林風嘶吼的聲音越來越虛弱,發出來的聲音像貓抓撓在他心上。

權九州給他換上婚服,華麗的紅色錦緞長袍,領口與袖口以金色絲線繡著繁覆的雲紋圖案,袍身兩側繡著栩栩如生的祥龍。

盡管他滿臉的憤怒與不甘,可這一身婚服卻將他的俊美襯托得淋漓盡致,讓權九州看得有些癡了,忍不住伸手輕輕撫上林風的臉頰,“你今日,真美。”

婚服的尺寸和林風的身材絲毫不差,精心定制的款式。

林風卻憤怒的說不出話,他想不出昨日還好好的兩個人,僅僅一天時間,關系又變成了這個樣子,究竟是哪輩子的冤家今生聚在了一起!

權九州當著他的面換上自己的那套婚服,高大挺拔的身材,紅色錦緞在他身上更添了幾分柔和。

林風原本憤怒的目光,在看到權九州這副模樣時,心竟不自覺地慢慢變軟。

不得不承認這個瘋子長的很好看,如果是一種正常方式交往,或許不會鬧到今天這種地步。

權九州將被林風踩碎的靈牌拼湊好,放在供桌上,把被踩扁的長命鎖放在靈牌前,用骨灰盒的碎片掰膊手指,鮮血滴在長命鎖上。

做完這些,他的目光看向林風將他扶起,抓著他的手指用碎玉片割了下去,將血同樣滴在長命鎖上。

“疼,疼啊!”林風無力抽回手,只能任由他擺布。

權九州將林風的身體擺弄著跪在地上,自己也跪了下去,抓住他流血的手指含在嘴裏。

溫熱的觸感從指尖傳來,這個吸血鬼……

林風嚇哭了。

他有一種隨時都會被這個瘋子殺死分屍的恐懼。

權九州拉起他的手,將戒指戴在他的無名指上。

林風緊張到不敢反駁,不敢罵,身體跪不住,被他鉗制在懷中。

“林風,從現在開始我們就是夫妻,榮辱與共,至死不渝。
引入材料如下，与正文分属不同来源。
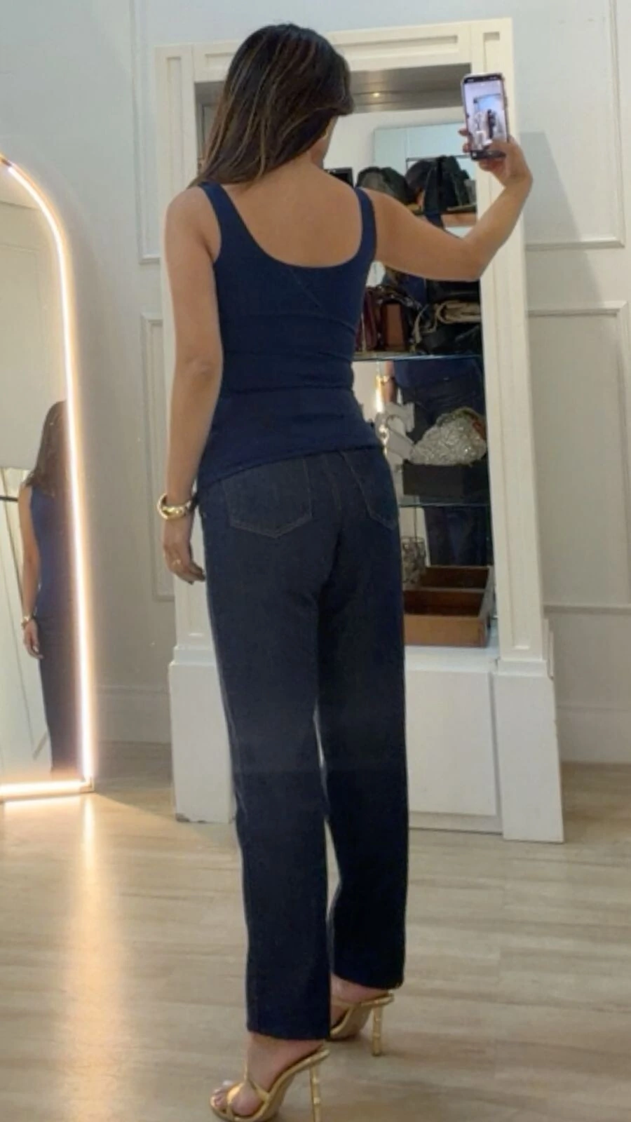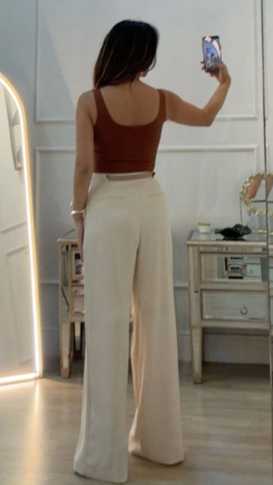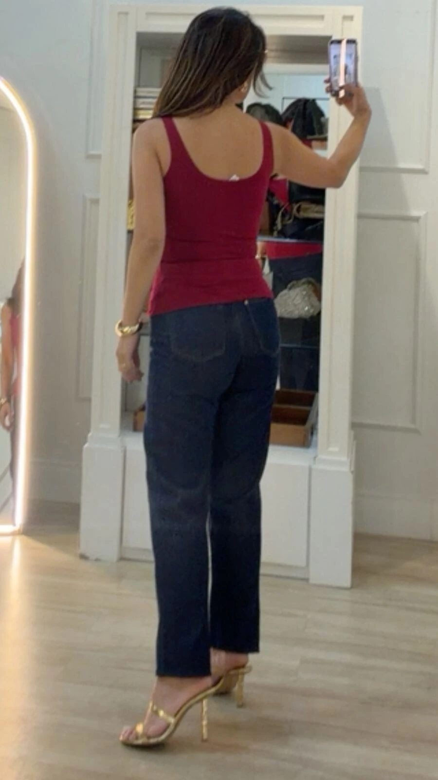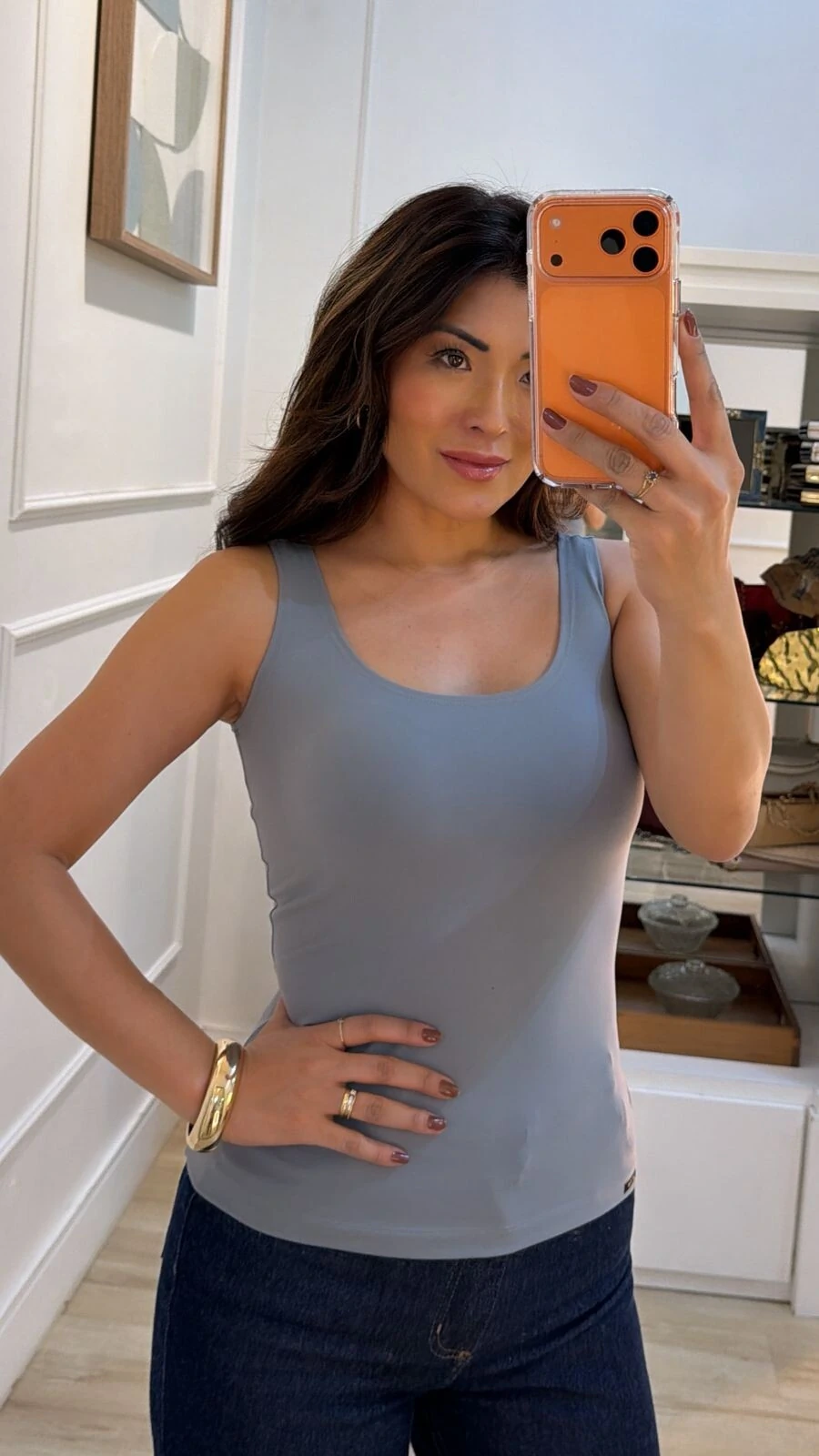 Regata confeccionada em malha. Possui decote em U, alças largas e pesponto.

”

權九州摁著林風對他們二人的牌位磕頭,連磕三個後,捧起他的臉吻了又吻,最後附上他的唇瓣,細細品味。

在林風感覺自己要窒息的時候,整個人被扛起,下了樓,扔在床上。

今晚是他們的洞房花燭夜,權九州打算好好享受自己的摯愛,在自己生日的當天和他成親。

林風打碎了長生牌位,他們的生命指不定會停留在哪一天。

與其處處都是遺憾,不如完成一件算一件。

看著懷中不吵不鬧也不反抗的人兒,權九州像拆一件稀世珍寶的禮物般,慢慢解林風的衣扣。

一行清淚從林風眼中滑落,被權九州輕輕吻去,他也不想這麽做,但林風無意間闖進了那個房間,打破了他所有的心血和計劃。

他和林風和睦的關系從來維持不了太久,或許是上輩子怨念太深,既然如此,就一起沈淪。

清晨的陽光灑進臥室,林風被陽光耀的睜不開眼,他渾身疼的要散架,看了眼自己的無名指,多了一枚戒指。

所有的荒唐都不是夢,他還活著。

“醒了?躺著別動。”權九州走了過來,單膝跪在床上,抓起他戴戒指的手吻了一下。

林風痛苦的轉過頭,閉上眼睛。

“乖乖,我們已經結婚了,以後你就叫我老公。”權九州掰過他的臉,強迫他看著自己。

林風從牙縫中擠出兩個字,“瘋子。”

“叫老公,乖。”

“瘋子。”

“乖乖,你要逼我讓你下不了床。”權九州看著林風裸露在被子外邊的肌膚,上次的吻痕好不容易快要褪去,現在又被布滿。

林風的皮膚很白很嫩,吻痕淡化的時間在十天左右,權九州的忍耐度等不到十天,所以他身上的吻痕好似從未消除過。

他拿著林風的手,“乖乖,這是我們的結婚戒指,是我用媽媽的戒指融掉做成的情侶戒,除非你的這根手指不在,否則不要將它取下。”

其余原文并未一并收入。